> Data shown:
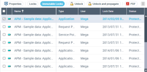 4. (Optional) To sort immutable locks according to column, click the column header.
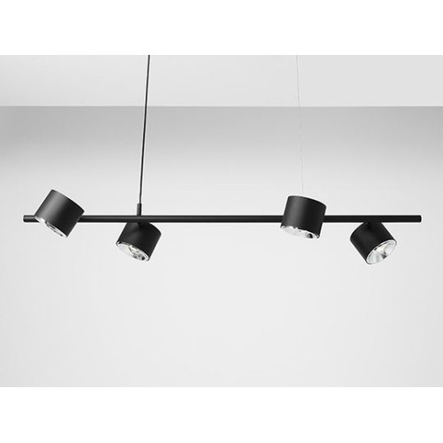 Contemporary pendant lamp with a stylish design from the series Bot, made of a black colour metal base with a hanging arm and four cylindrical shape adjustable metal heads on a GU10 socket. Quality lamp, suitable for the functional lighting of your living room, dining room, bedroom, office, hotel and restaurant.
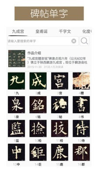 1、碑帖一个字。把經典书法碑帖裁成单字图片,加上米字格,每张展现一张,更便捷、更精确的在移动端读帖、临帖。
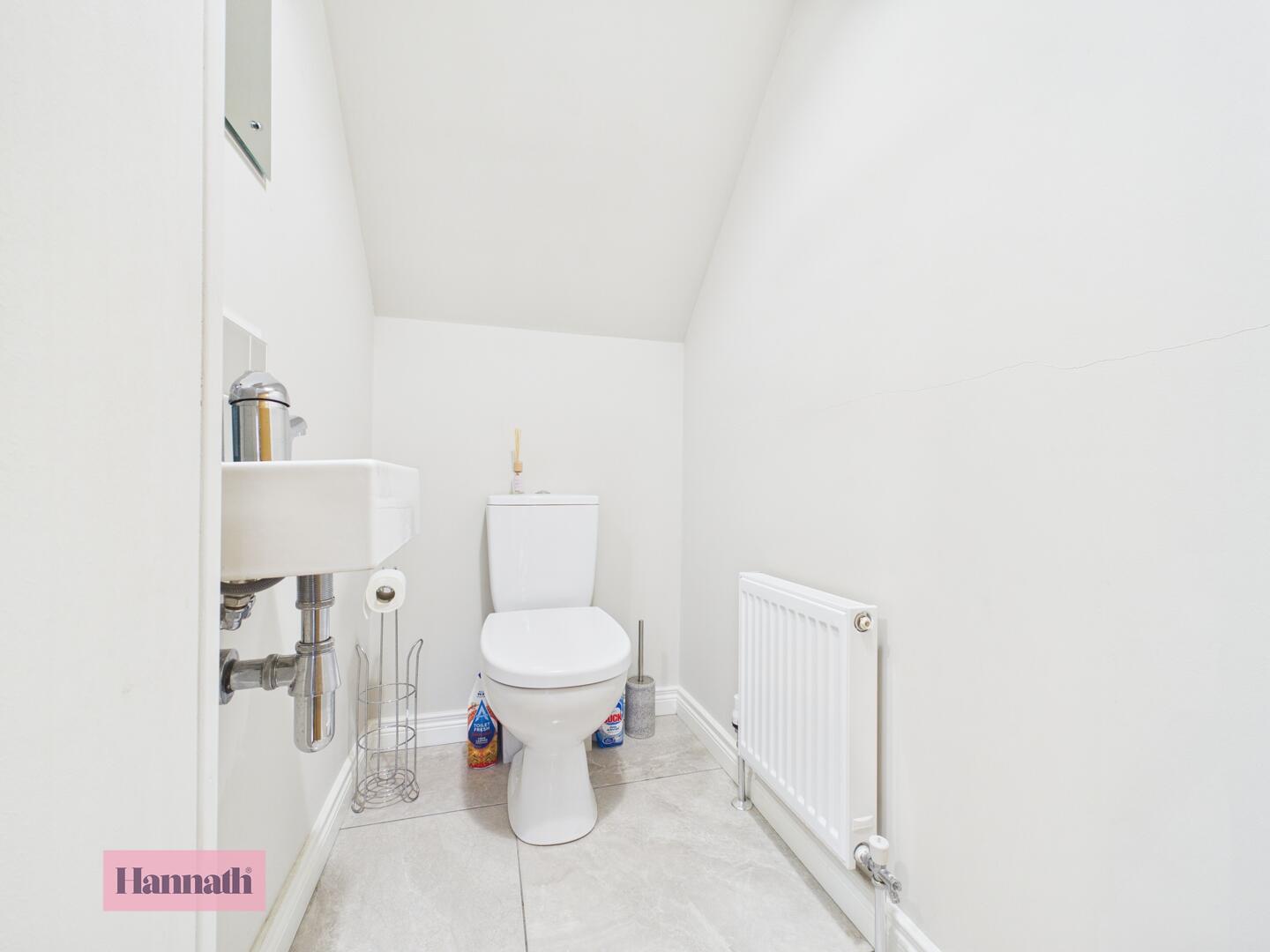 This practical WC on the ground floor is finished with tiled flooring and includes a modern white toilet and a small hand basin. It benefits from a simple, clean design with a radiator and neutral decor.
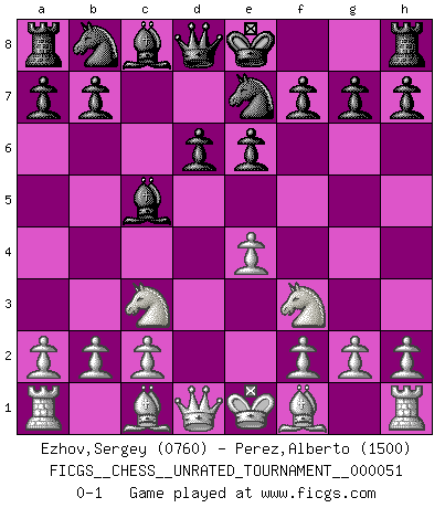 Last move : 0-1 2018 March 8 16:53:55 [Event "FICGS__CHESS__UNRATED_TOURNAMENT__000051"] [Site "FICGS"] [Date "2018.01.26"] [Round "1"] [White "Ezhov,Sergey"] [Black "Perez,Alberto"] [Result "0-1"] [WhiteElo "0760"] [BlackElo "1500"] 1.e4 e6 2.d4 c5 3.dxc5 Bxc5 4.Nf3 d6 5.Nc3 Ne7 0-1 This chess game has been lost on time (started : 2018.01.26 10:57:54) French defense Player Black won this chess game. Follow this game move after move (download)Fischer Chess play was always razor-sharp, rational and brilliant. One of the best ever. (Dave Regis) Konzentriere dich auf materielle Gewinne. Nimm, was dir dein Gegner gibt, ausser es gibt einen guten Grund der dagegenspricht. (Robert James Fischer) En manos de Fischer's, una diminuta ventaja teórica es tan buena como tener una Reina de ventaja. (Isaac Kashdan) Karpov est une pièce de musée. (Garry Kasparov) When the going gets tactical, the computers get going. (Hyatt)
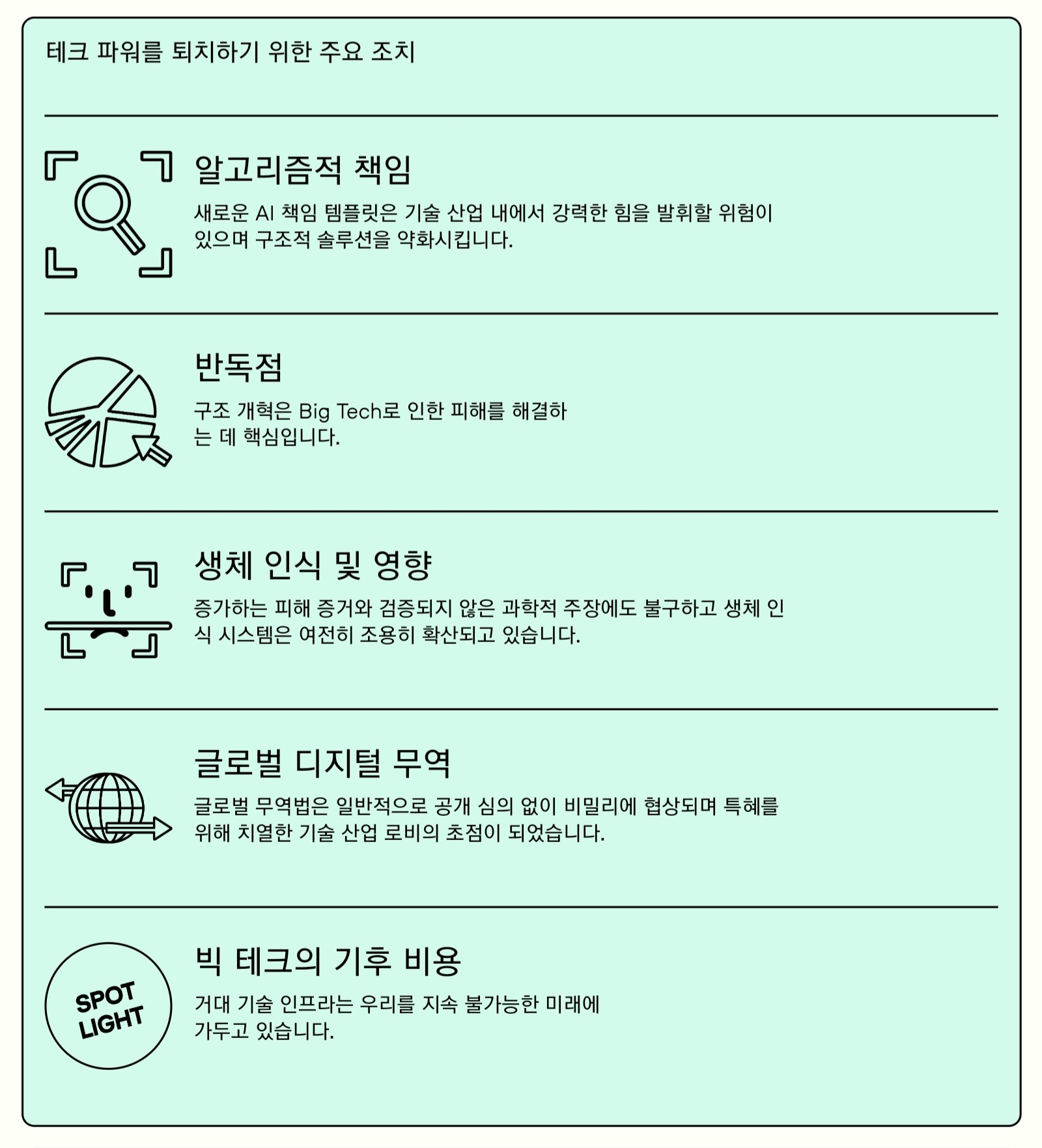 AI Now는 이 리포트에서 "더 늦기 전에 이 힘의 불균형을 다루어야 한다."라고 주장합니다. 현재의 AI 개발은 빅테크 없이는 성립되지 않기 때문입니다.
* * *
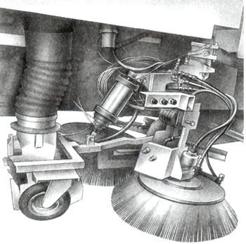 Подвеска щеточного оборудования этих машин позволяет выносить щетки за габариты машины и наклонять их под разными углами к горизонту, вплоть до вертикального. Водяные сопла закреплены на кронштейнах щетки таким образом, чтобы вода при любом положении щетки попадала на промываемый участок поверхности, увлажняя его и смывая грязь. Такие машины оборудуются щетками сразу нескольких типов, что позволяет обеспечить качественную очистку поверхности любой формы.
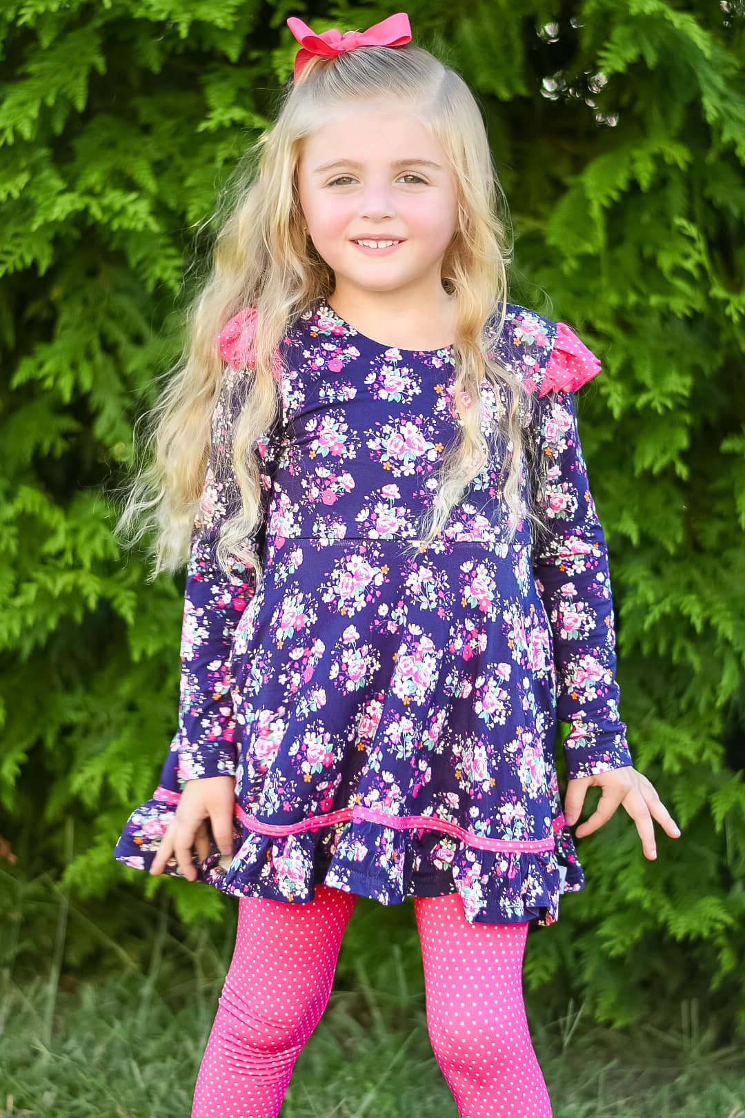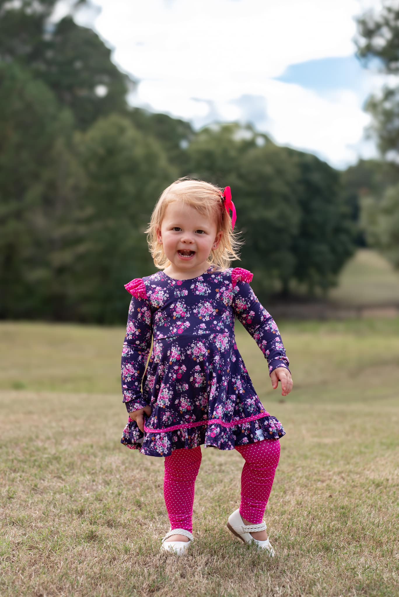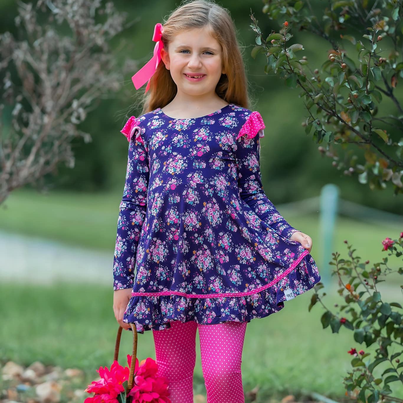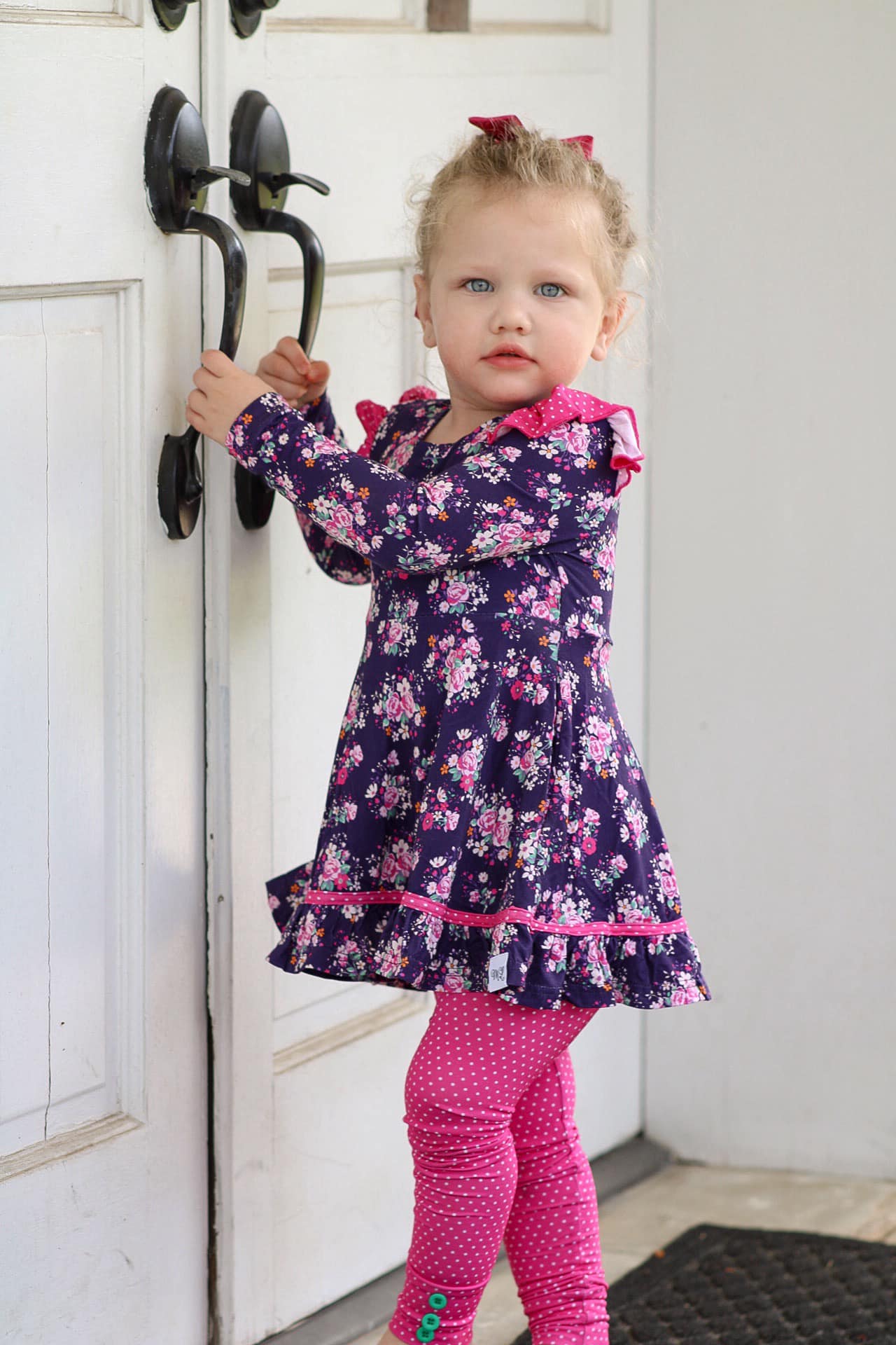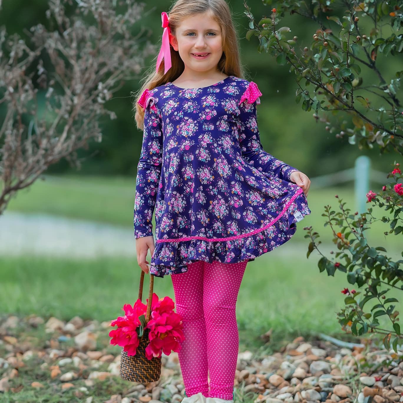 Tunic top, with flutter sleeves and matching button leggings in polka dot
* * *
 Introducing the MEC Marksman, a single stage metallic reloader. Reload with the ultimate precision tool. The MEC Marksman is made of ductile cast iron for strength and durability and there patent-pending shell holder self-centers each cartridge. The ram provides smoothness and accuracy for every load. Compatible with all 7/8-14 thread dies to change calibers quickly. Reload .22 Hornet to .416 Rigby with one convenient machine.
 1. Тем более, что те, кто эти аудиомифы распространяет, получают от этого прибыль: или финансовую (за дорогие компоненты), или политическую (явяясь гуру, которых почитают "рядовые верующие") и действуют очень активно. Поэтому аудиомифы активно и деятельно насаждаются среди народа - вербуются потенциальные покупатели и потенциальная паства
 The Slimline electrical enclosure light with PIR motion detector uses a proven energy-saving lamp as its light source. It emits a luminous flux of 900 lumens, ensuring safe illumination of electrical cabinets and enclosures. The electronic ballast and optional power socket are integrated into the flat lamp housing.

> Task to carry out: Look above and copy only the lines from the one holding "1、碑帖一个字。把經典书法碑" to the one holding "This practical WC", both included, exactly, minus the pictures.

> Answer to the problem:
 1、碑帖一个字。把經典书法碑帖裁成单字图片,加上米字格,每张展现一张,更便捷、更精确的在移动端读帖、临帖。
 This practical WC on the ground floor is finished with tiled flooring and includes a modern white toilet and a small hand basin. It benefits from a simple, clean design with a radiator and neutral decor.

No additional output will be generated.